If we have no idea what $p$ is, it’s natural to start with a uniform prior over its possible values. Formally, $p$ is a random variable with a uniform density on the $[0,1]$ interval. Each draw induces another random variable, $$ X_i = \begin{cases} 1 & \text{ if the $i^\text{th}$ draw is black},\newline 0 & \text{ otherwise}. \end{cases} $$ We’ll define one last random variable $S_n$, which counts the black draws: $$ S_n = X_1 + \ldots + X_n . $$ Laplace’s assumptions are then as follows.

- Each $X_i$ has the same chance $p$ of being $1$.
- That chance is independent of whatever values the other $X_j$’s take.
- The prior distribution over $p$ is uniform: $f(p) = 1$ for $0 \leq p \leq 1$.

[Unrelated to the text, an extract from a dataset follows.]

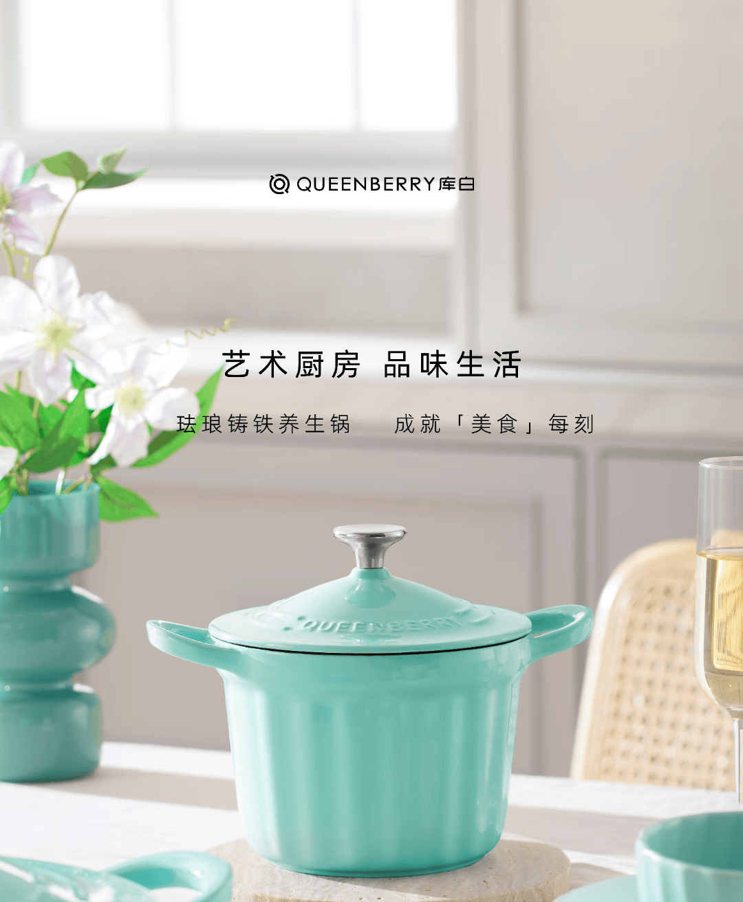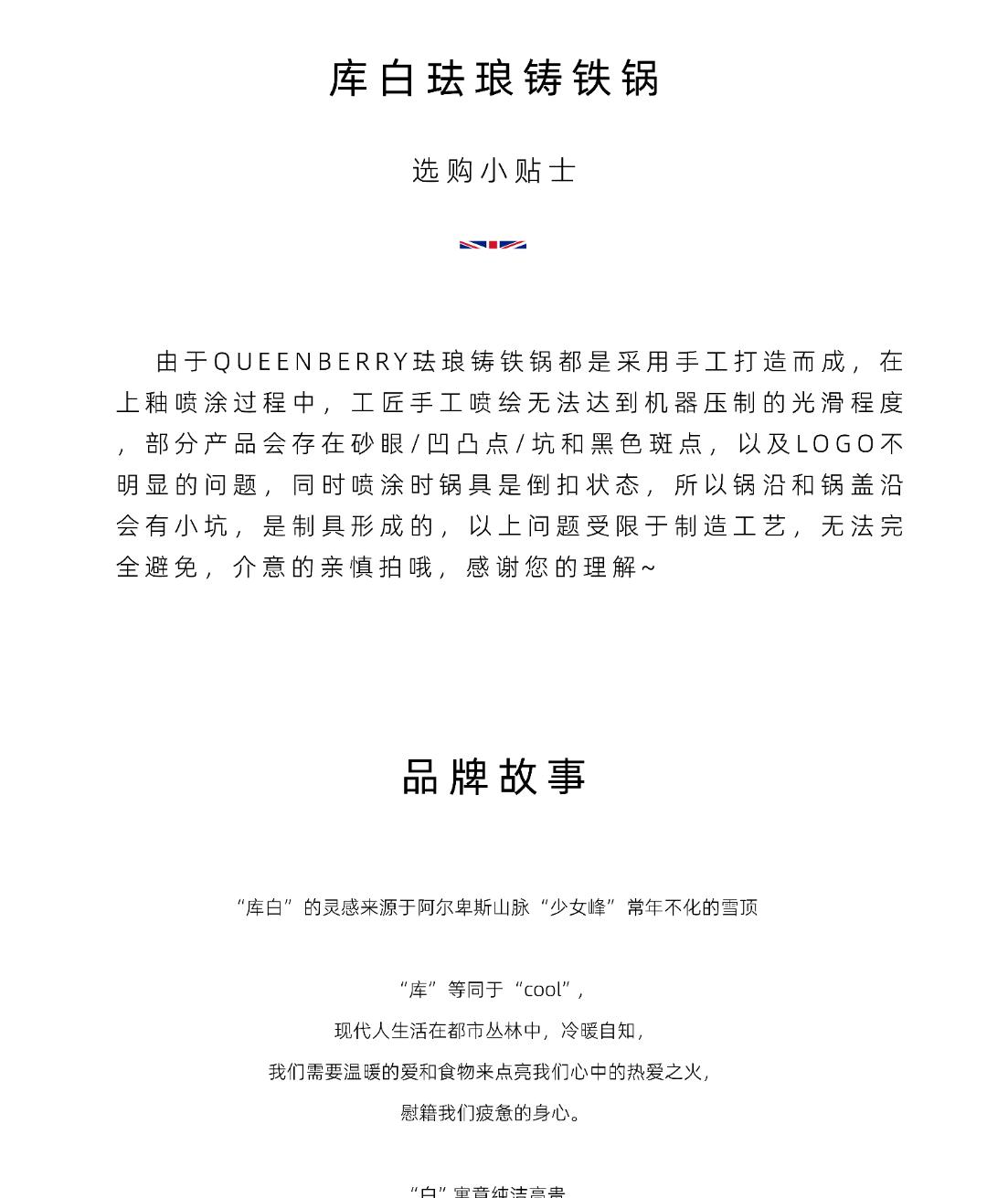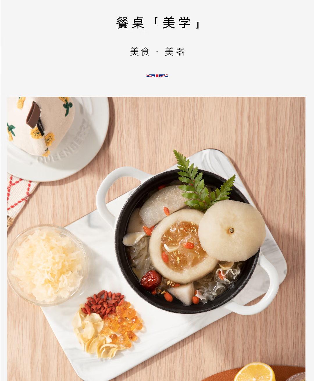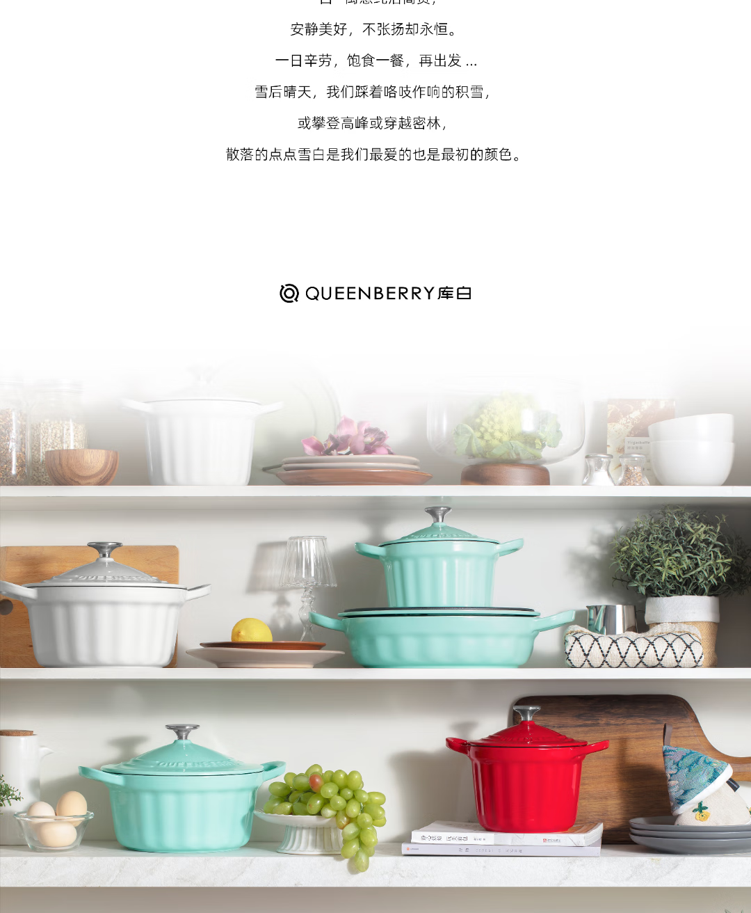 QUEENBERRY英国库白铸铁珐琅锅私人料理锅家用炖锅厨房汤锅北欧平底饭釜锅 「2-3人食」料理锅-雪顶白 16cm

Given these assumptions, the Rule of Succession follows: $$ \p(X_{n+1} = 1 \given S_n = k) = \frac{k+1}{n+2}. $$ We’ll start by deriving this result for the special case where all observations are positive, so that $k = n$.

# Laplace’s Special Case

When $k = n$, the Rule of Succession says: $$ \p(X_{n+1} = 1 \given S_n = n) = \frac{n+1}{n+2}. $$ To derive this result, we start with the Law of Total Probability. \begin{align} \p(X_{n+1} = 1 \given S_n = n) &= \int_0^1 \p(X_{n+1} = 1 \given S_n = n, p) f(p \given S_n = n) \dif p\newline &= \int_0^1 \p(X_{n+1} = 1 \given p) f(p \given S_n = n) \dif p\newline &= \int_0^1 p \, f(p \given S_n = n) \dif p. \tag{1} \end{align} To finish the calculation, we need to compute $f(p \given S_n = n)$. We need to know how observing $n$ out of $n$ black marbles changes the probability density over $p$.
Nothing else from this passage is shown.